The overarching principles are summarised here. Note that because of the numerous classification systems and priority habitat lists in existence, it is not possible to point to a single vocabulary for populating each of measurementTypeID, measurementValueID and measurementUnitID, as for other measurement types, so below are the types of information to include, with an example, as recommended by Duncan et al. (2021):

Please consult the Duncan et al. (2021) technical report (title: A standard approach to structuring classified habitat data using the Darwin Core Extended Measurement or Fact Extension; note you must refine search to Technical Reports from 2021 to identify this report) for more details, including:

  • how to handle a single event with multiple habitat measurements
  • recommended vocabularies and terms for common habitat classification systems
  • example eMoF table

For filling measurementType with habitat-related data and/or the dwc:habitat column, you should reference the NERC vocabulary search.
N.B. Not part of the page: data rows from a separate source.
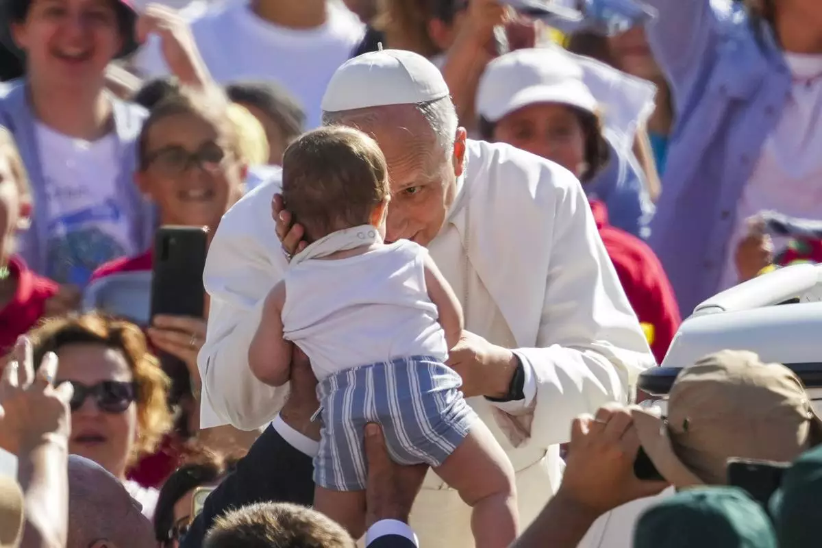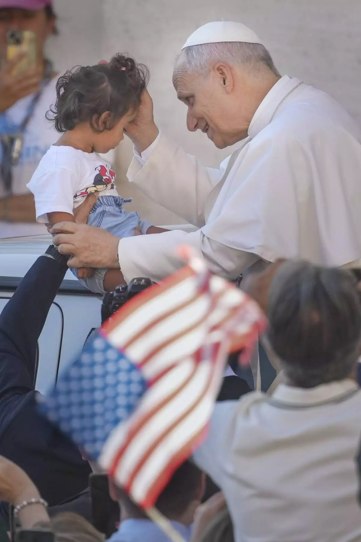 Pope Leo XIV arrives in St. Peter's Square at the Vatican for an open-air jubiliar audience Saturday, Sept. 6, 2025. (AP Photo/Andrew Medichini)
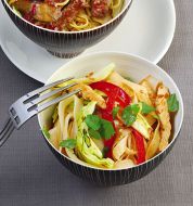Reisnudeln mit Zucchini und Feta Zutaten 100 g Kritharaki (reisförmige Nudeln) Salz 400 g junge Zucchini 1 Knoblauchzehe 2 EL Olivenöl 6 EL Gemüsebrühe 1 EL Zitronensaft 100 g Feta 50 g schwarze Oliven, ohne Stein (Glas) 1/2 Bund Petersilie Pfeffer Pulbiber zum Bestreuen [...]
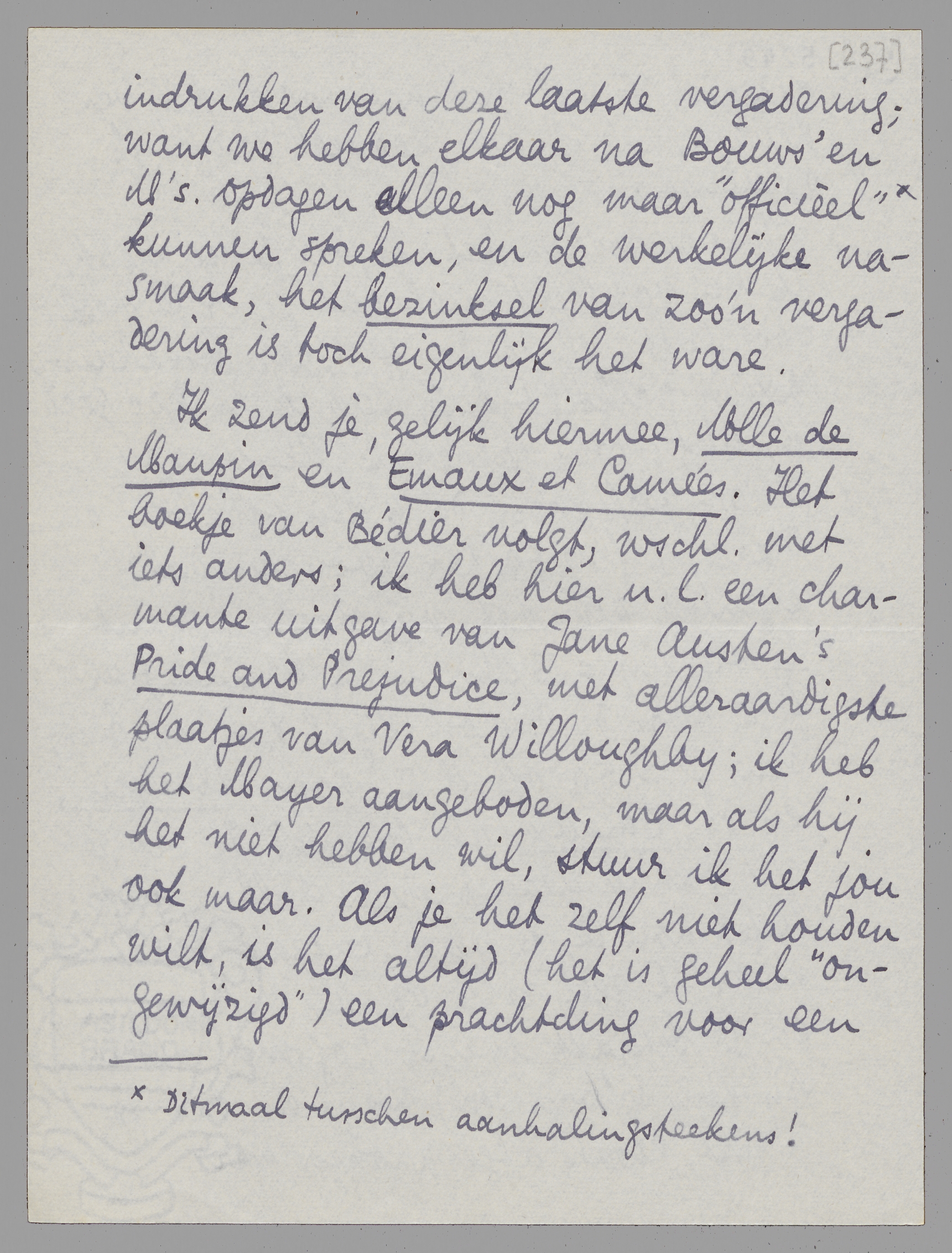 Ik zend je, gelijk hiermee, Mlle de Maupin en Emaux et Camées. Het boekje van Bédier volgt, wschl. met iets anders; ik heb hier n.l. een charmante uitgave van Jane Austen's Pride and Prejudice, met alleraardigste plaatjes van Vera Willoughby; ik heb het Mayer aangeboden, maar als hij het niet hebben wil, stuur ik het jou ook maar. Als je het zelf niet houden wilt, is het altijd (het is geheel ‘ongewijzigd’) een prachtding voor een cadeau. Vooral met het oog op het verhuizen, wil ik hier zooveel mogelijk opruimen.
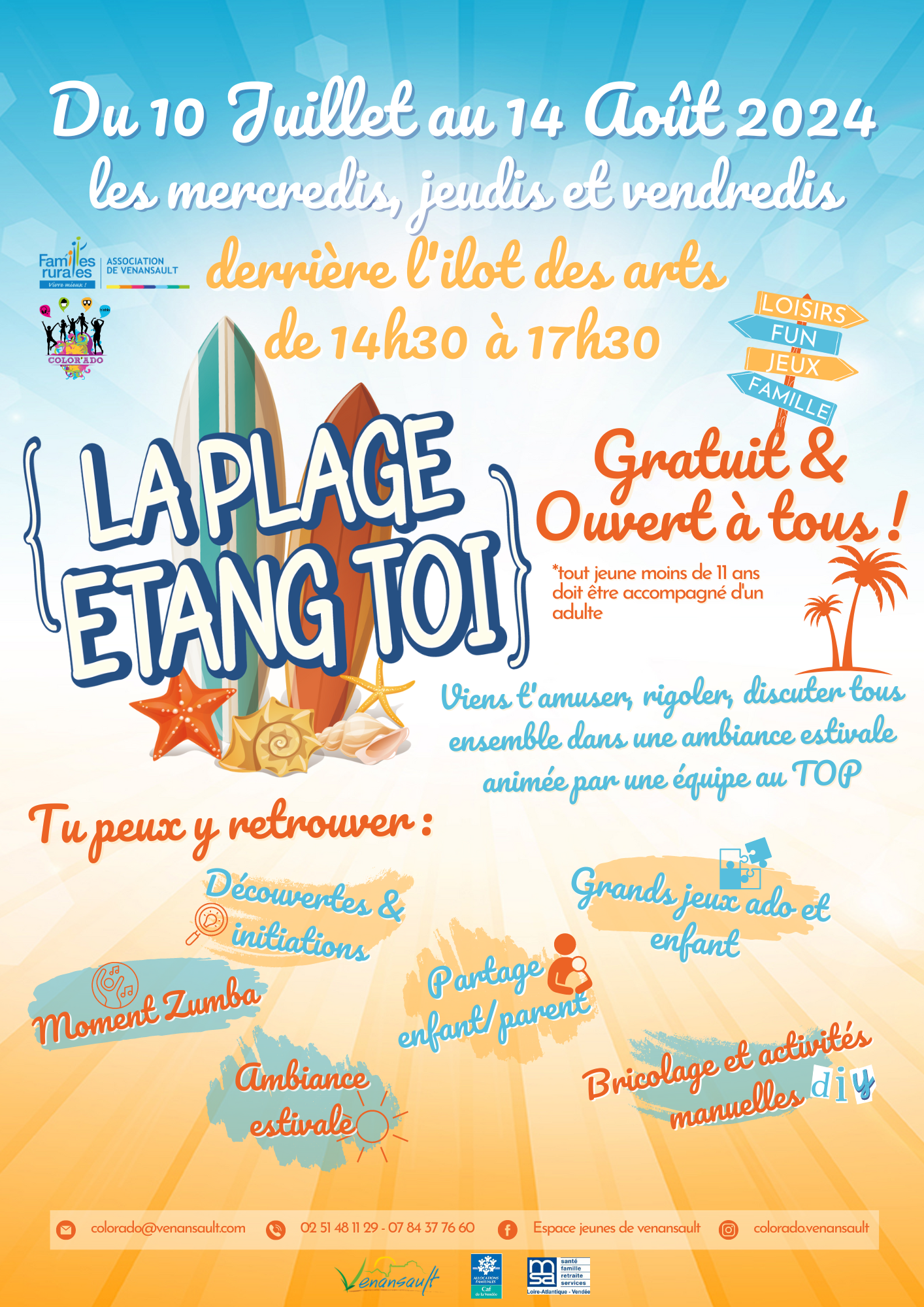 « La Plage Etang-Toi » est un espace de détente et de loisirs adapté aux jeunes et aux familles qui peuvent y participer gratuitement et librement. Il y a des animations autour du jeu, du sport ou de la découverte adaptées aux différents publics. Chaque jour un prestataire différent vient pour proposer encore plus d’activités. Entre 5 et 6 animateurs sont présents sur cet espace pour accueillir les jeunes, les familles et dynamiser l’espace.
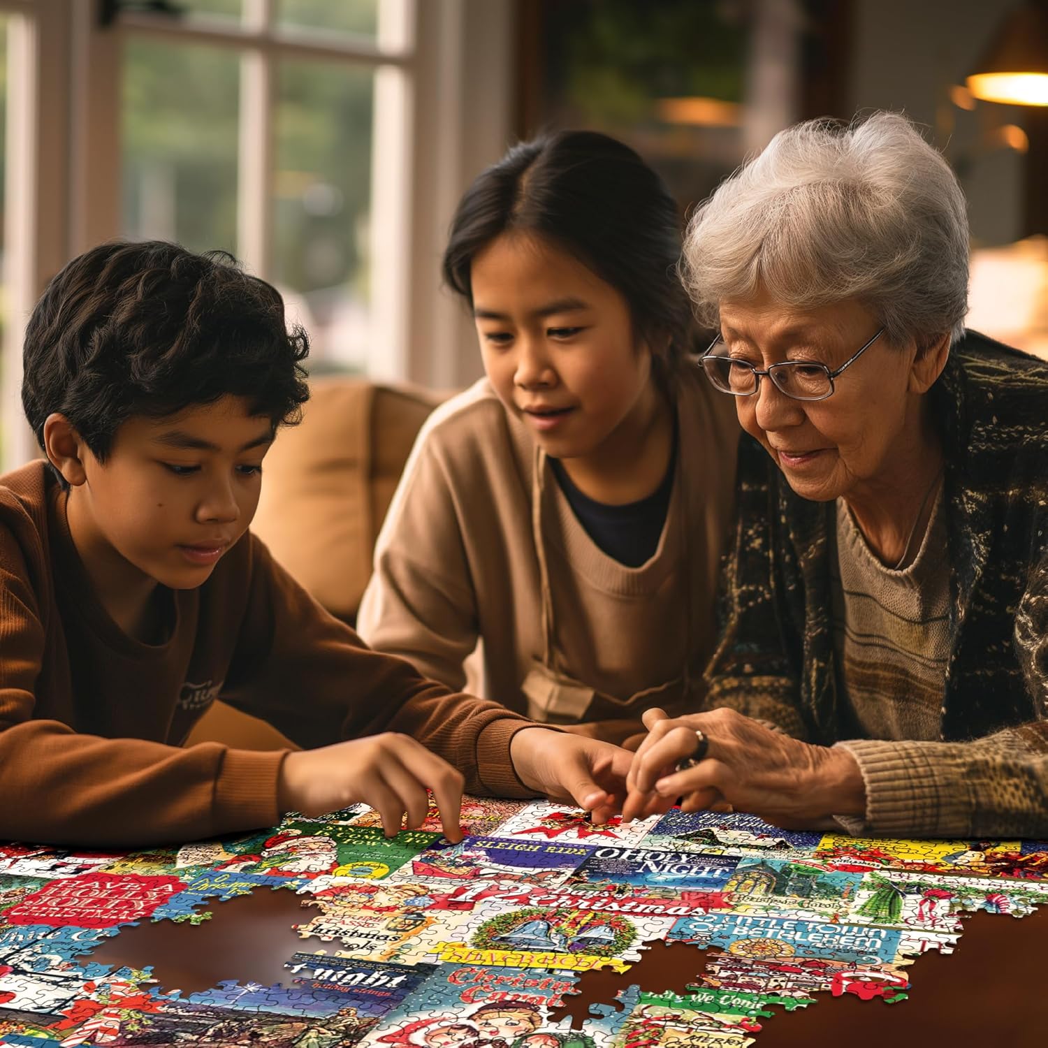 CHRISTMAS CAROLS: Hum along to your favorite Christmas carols while putting together this fun 1000 piece jigsaw puzzle that features a collage of your favorite songs!

While the Coastal and Marine Ecological Classification Standard (CMECS) and the Environment Ontology (ENVO) also contain habitat vocabularies, OBIS recommends the use of NERC vocabulary. If other vocabularies are used, please provide the NERC vocabulary equivalent as additional records in the eMoF table.

Tracking data

Encoding Tracking data into Darwin Core follows the same standards as that of survey/sighting data. Tracking data should additionally indicate the accuracy in latitudinal and longitudinal measurements received from the positioning system, grouped by location accuracy classes, recorded in the coordinateUncertaintyInMeters field. The Ocean Tracking Network (OTN) has developed some guidelines for formatting this type of data in Darwin Core. We summarize the main points below.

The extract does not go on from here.